(Data extracts)

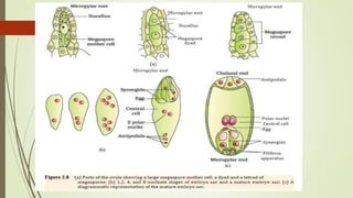 The document discusses the sexual reproduction in flowering plants, detailing the structure and function of the reproductive organs including flowers, stamens, and ovaries. It explains the development of anthers and pollen grains, including processes like microsporogenesis and megasporogenesis, alongside the significance of pollen in reproduction and its economic importance. Additionally, it covers pollination types, including self and cross-pollination, and the mechanisms plants use to ensure successful fertilization.
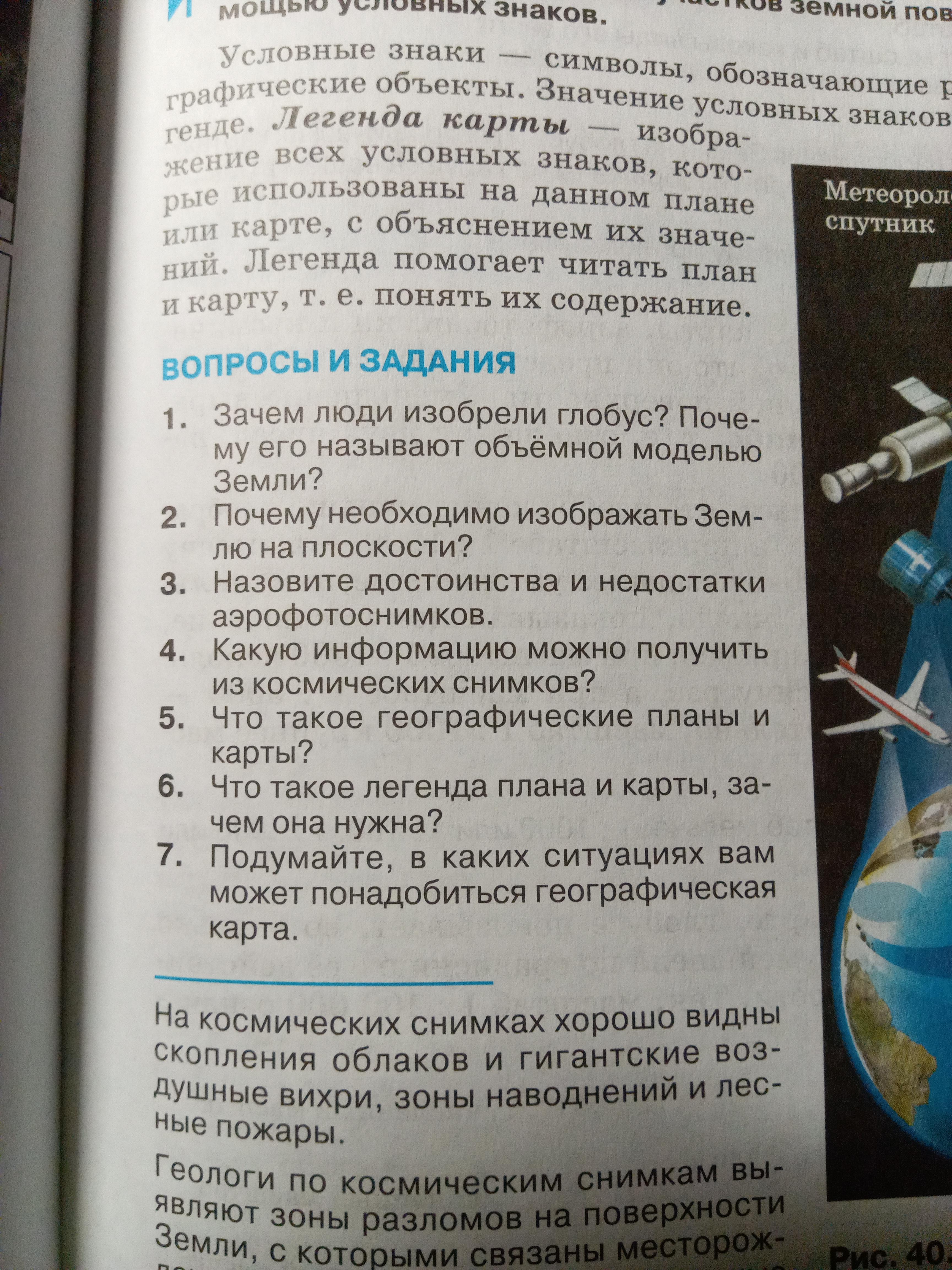 2. Почему необходимо изображать Землю на плоскости? Потому что для получения более подробного изображения земной поверхности глобус должен быть очень большим, а это очень неудобно.Поэтому люди и придумали карты, на которых намного удобнее рассматривать части земной поверхности.
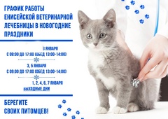 Главная страница / Новости / 2025 / January / Уважаемые жители Енисейска и Енисейского района! Информация для владельцев домашних животных! График работы Енисейской ветеринарной лечебницы в январе 2025 года!
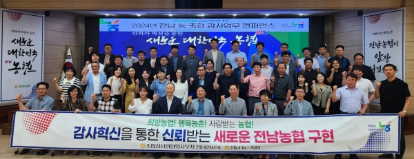 (전남=NSP통신) 김용재 기자 = 농협중앙회 조합감사위원회 전남검사국(국장 이두식)은 전남농협본부 대강당에서 관내 농축협 감사업무 책임자 등 80여 명이 참석한 가운데 ‘감사업무 변화와 혁신을 통한 새로운 전남농협 구현’을 향한 컨퍼런스를 개최했다.
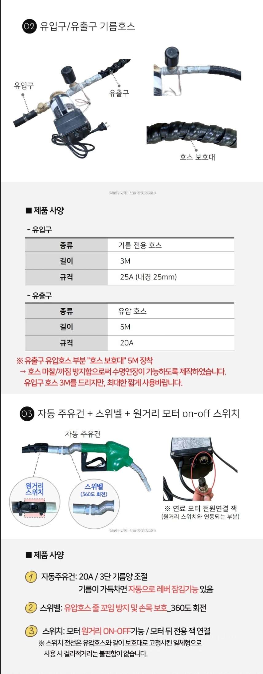 4) 유입구 /유출구 호스 일체 : 유입구 3M / 유출구 유압호스 5M 지원

(End Data extracts)

**Assignment**. The range runs from the line containing "(전남=NSP통신) 김용재 기자" through the end of the entries; print those lines exactly and leave the pictures out.

**Task output**.
 (전남=NSP통신) 김용재 기자 = 농협중앙회 조합감사위원회 전남검사국(국장 이두식)은 전남농협본부 대강당에서 관내 농축협 감사업무 책임자 등 80여 명이 참석한 가운데 ‘감사업무 변화와 혁신을 통한 새로운 전남농협 구현’을 향한 컨퍼런스를 개최했다.
 4) 유입구 /유출구 호스 일체 : 유입구 3M / 유출구 유압호스 5M 지원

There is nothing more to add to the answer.